Terminal restriction fragment length polymorphism (TRFLP) and sequencing techniques were applied to determine the microbial population differences between the sludge from two reactors compared to the inoculum. DNA was isolated with the Power Biofilm DNA Isolation Kit. TRFLP was performed as described by Santillano et al. (2010), with the primer set DR1334R and DSR1Fmix specific for the dsrA gene, except that a twofold PCR amplification cycle was run. For sequencing, the amplified samples were cloned with the pGEM^®-T Easy Vector Kit, picked, and analyzed by Macrogen.

Results

Long-term reactor operation

Effluent quality of the sequencing batch reactor operated at first with 400 mg COD/L in the influent and continued with 800 mg COD/L in the influent is shown in Fig. 1. The sudden increase in COD in the influent caused incomplete COD removal (∼50%), but this recovered to a removal of 92% within 2 weeks, resulting in a COD level of 62 mg COD/L in the effluent (Table 1). This consisted of solely acetate. The increase in COD level in the influent resulted in higher sulfide (376 mg/L) and comparatively lower sulfate levels (342 mg/L). The sulfate reduction rate increased from 1.41 to 2.23 (mmol SO₄²⁻/[gVSS·h]) by increasing the COD level in the influent. Throughout the operation of the reactor, the COD and sulfur balance were, on average for both reactors, 97% and 98%, respectively. No methane was observed in the off-gas.

FIG. 1.

Effluent quality of a sulfate-reducing sequencing batch reactor when shifted from low to high influent COD in terms of COD (♦), sulfate (■), and sulfide (▲) concentrations.

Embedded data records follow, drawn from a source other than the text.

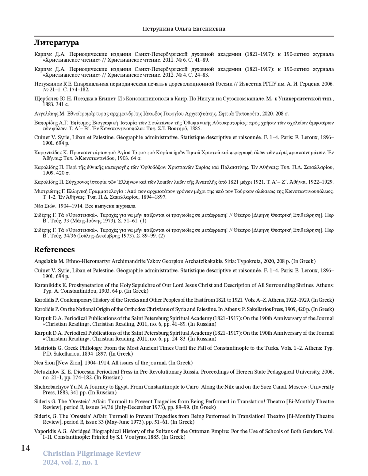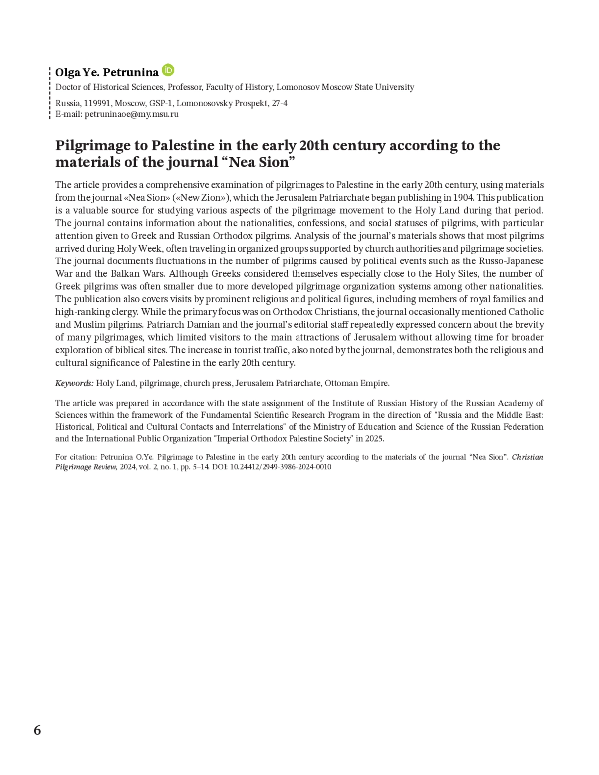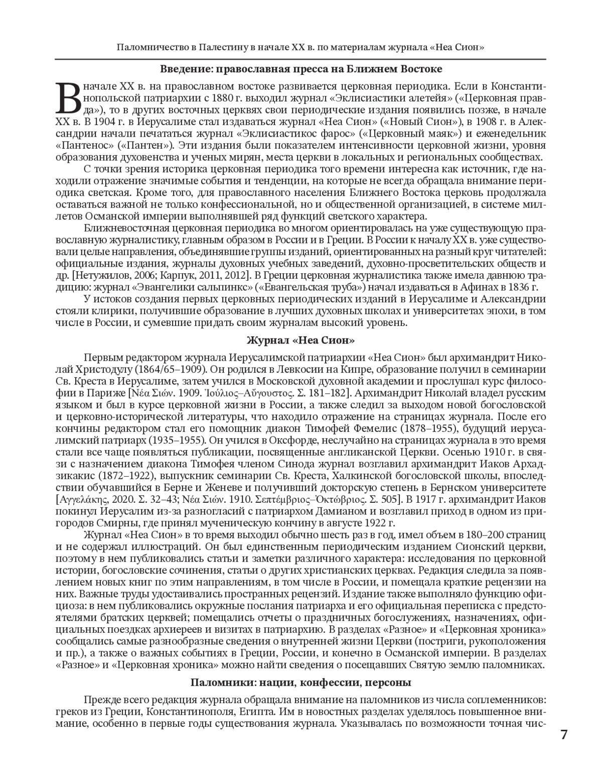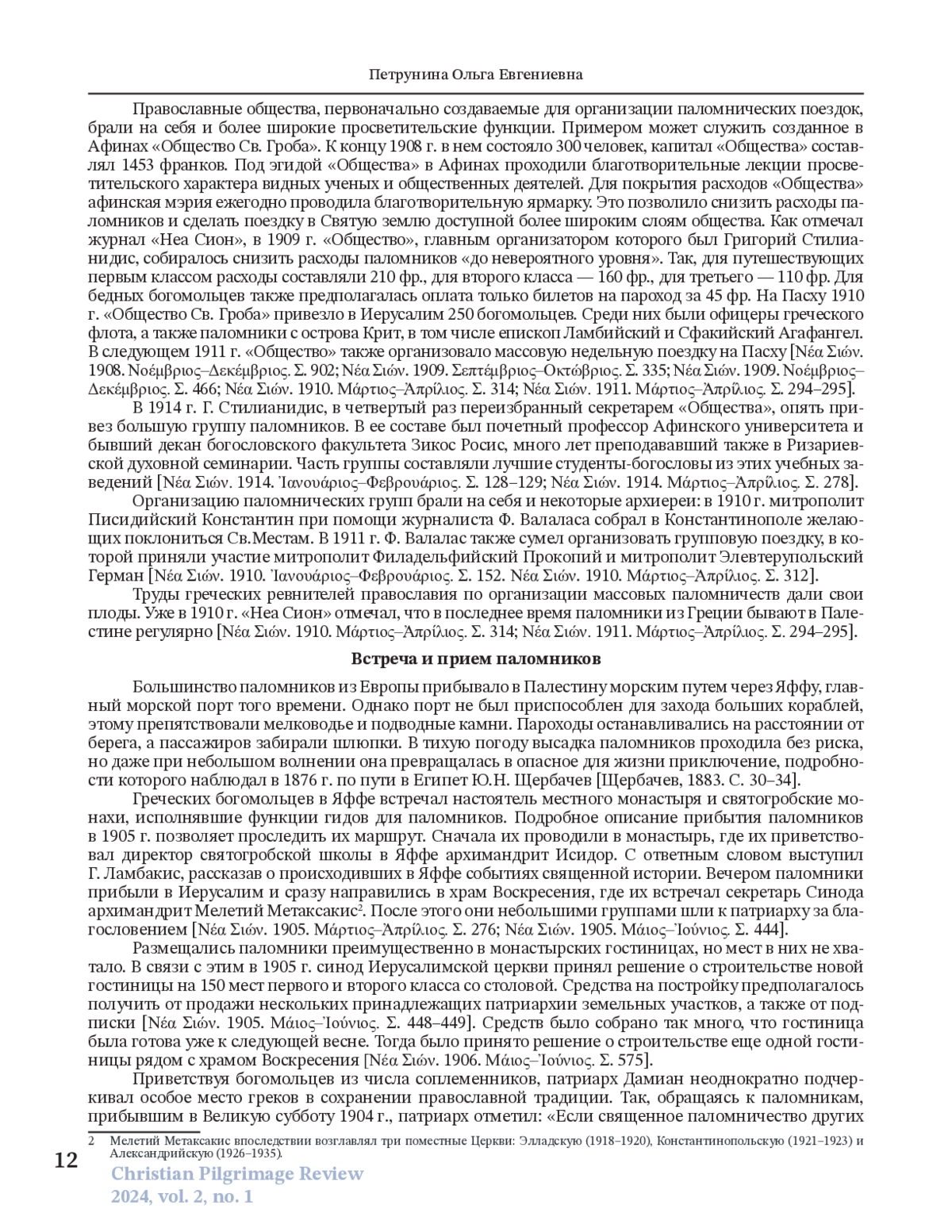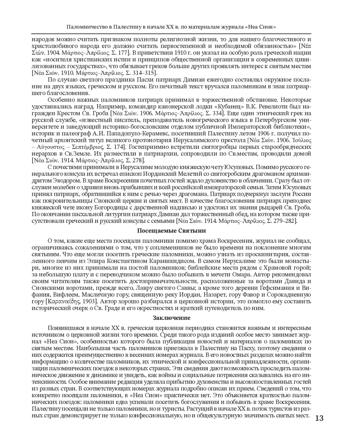В статье разносторонне исследуется паломничество в Палестину в начале XX в., по материалам журнала «Неа Сион» («Новый Сион»), который с 1904 г. начал издавать Иерусалимский патриархат. Это издание является ценным источником для изучения разных аспектов паломнического движения в Святую землю в указанный период. В журнале содержится информация о национальной принадлежности, вероисповедании и социальном статусе паломников, уделяется особое внимание греческим и русским православным богомольцам. Анализ материалов издания показывает, что большинство паломников прибывали на Страстной седмице, часто путешествуя организованными группами при поддержке церковных властей и паломнических обществ. Журнал фиксирует колебания числа паломников, вызванные политическими событиями, такими как русско-японская война и Балканские войны. Хотя греки считали себя особенно близкими к Святым местам, количество греческих паломников часто оказывалось меньше из-за более развитых систем организации паломничества у других национальностей. Издание также освещает визиты видных религиозных и политических деятелей, включая членов королевских семей и высшее духовенство. Хотя основное внимание уделялось православным христианам, журнал иногда упоминал католических и мусульманских паломников. Патриарх Дамиан и редакция журнала неоднократно выражали обеспокоенность по поводу краткости многих паломничеств, что ограничивало посетителей лишь главными достопримечательностями Иерусалима, не давая времени на более широкое исследование библейских мест. Рост потока туристов, также отмеченный журналом, демонстрирует как религиозную, так и культурную значимость Палестины в начале XX в.
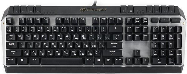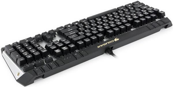 Клавиатура оснащена теми же механическими переключателями производства компании CHERRY Electrical Products, что и Cougar 700K. В перспективе возможно появление модификаций с переключателями четырех типов — Cherry MX Black, Cherry MX Red, Cherry MX Brown и Cherry MX Blue. На момент тестирования для российского рынка локализована только модификация с «черными» переключателями, соответствующая отметка находится на коробке.
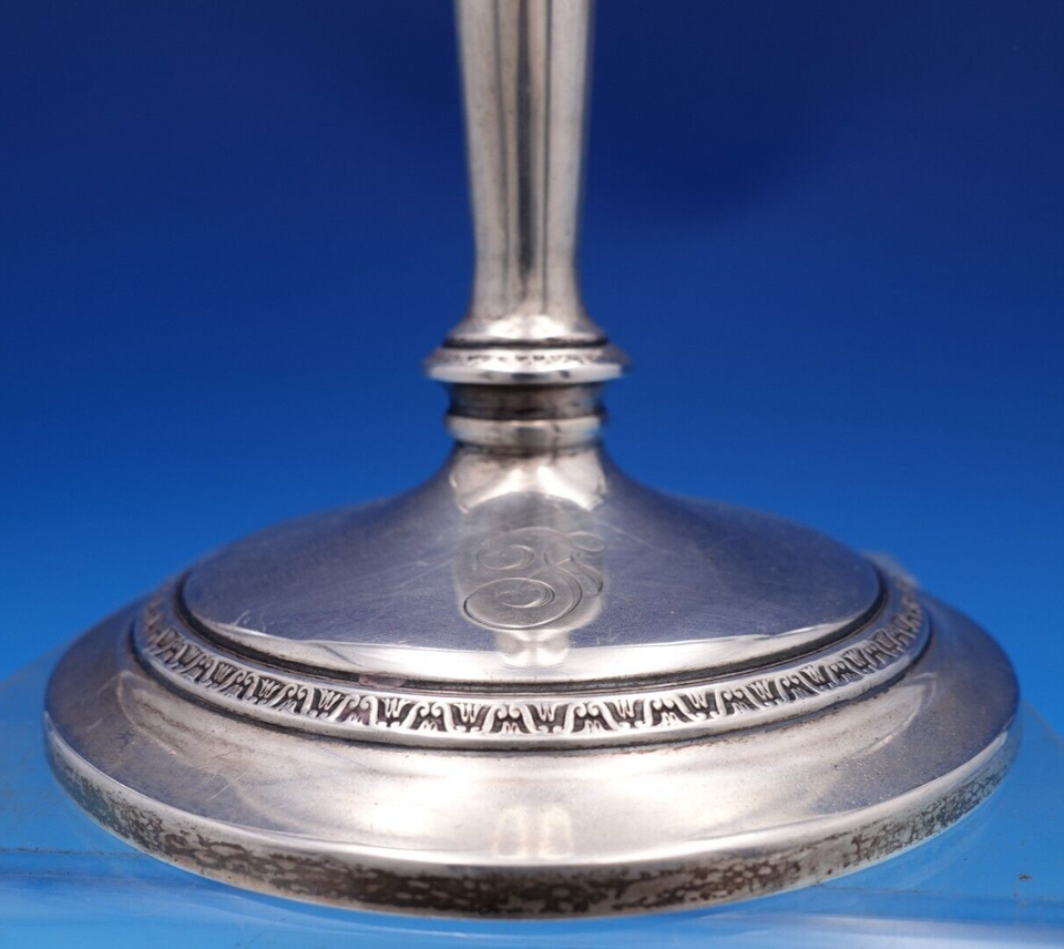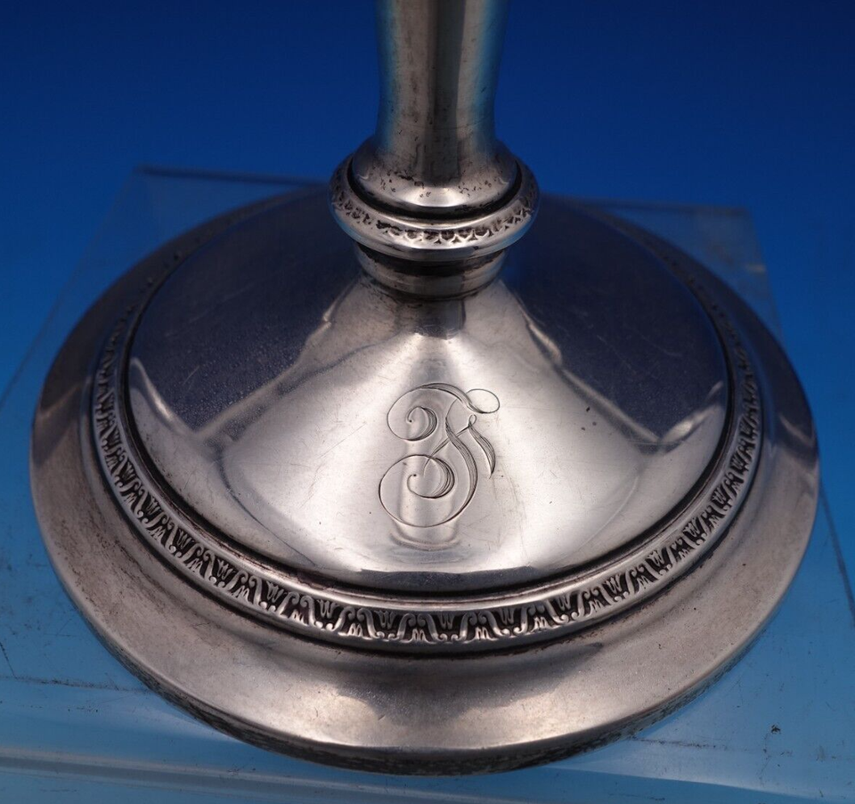 Beautiful Wedgwood by International sterling silver candlestick pair marked #N23. The candlesticks measures 12" tall and are weighted. They are monogrammed on the top of the bases (see photos), and are in good estate condition as shown. Outstanding!
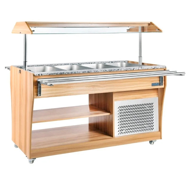 - Comptoir réfrigéré sur roulettes : Se laisse facilement manœuvrer, de sorte qu'il est facile de changer de position de buffet

The influent contained 400 mg COD/L from day 1 to day 123, and thereafter, the influent contained 800 mg COD/L.

Table 1.

Operational Characteristics for Long-Term Operation of a Sequencing Batch Reactor, Which Is Operated in Series with an Influent of 400 mg COD/L and 800 mg COD/L, to Investigate the Ability to Adapt to High Sulfide Levels

Reactor	R400	R800
Duration
Days	123	71
Influent
Fraction of artificial seawater (%)	60	60
COD (mg/L)	400	800
Sulfate (mg/L)	1500	1500
Salinity	2.1%	2.1%
COD/SO₄²⁻	0.27	0.53
Effluent
COD (mg/L)	8 ± 3	62 ± 2
Sulfate (mg/L)	907 ± 51	342 ± 25
Sulfide (mg/L)	198 ± 18	376 ± 26
Efficiency
COD removal (%)	98	92
SO₄ removal (%)	40	77
Rate_maximal (mmol SO₄²⁻/[gVSS·h])	1.41 ± 0.04	2.23 ± 0.07
Reproducibility
COD balance (%)	98	96
Sulfur balance (%)	100	95
Growth
Yield (gVSS/gCOD⁺)	0.014	0.018
VSS reactor (g/L)	1.5	3.1
VSS effluent (g/L)	0.024	0.064
Sludge production (mg COD/day)	34 ± 11	76 ± 19

The reactor was operated at 20°C, pH 7.6, SRT of 15 days, and a COD/SO₄^2- ratio of 0.27 and 0.53 g/g, respectively. SRT, solid retention time.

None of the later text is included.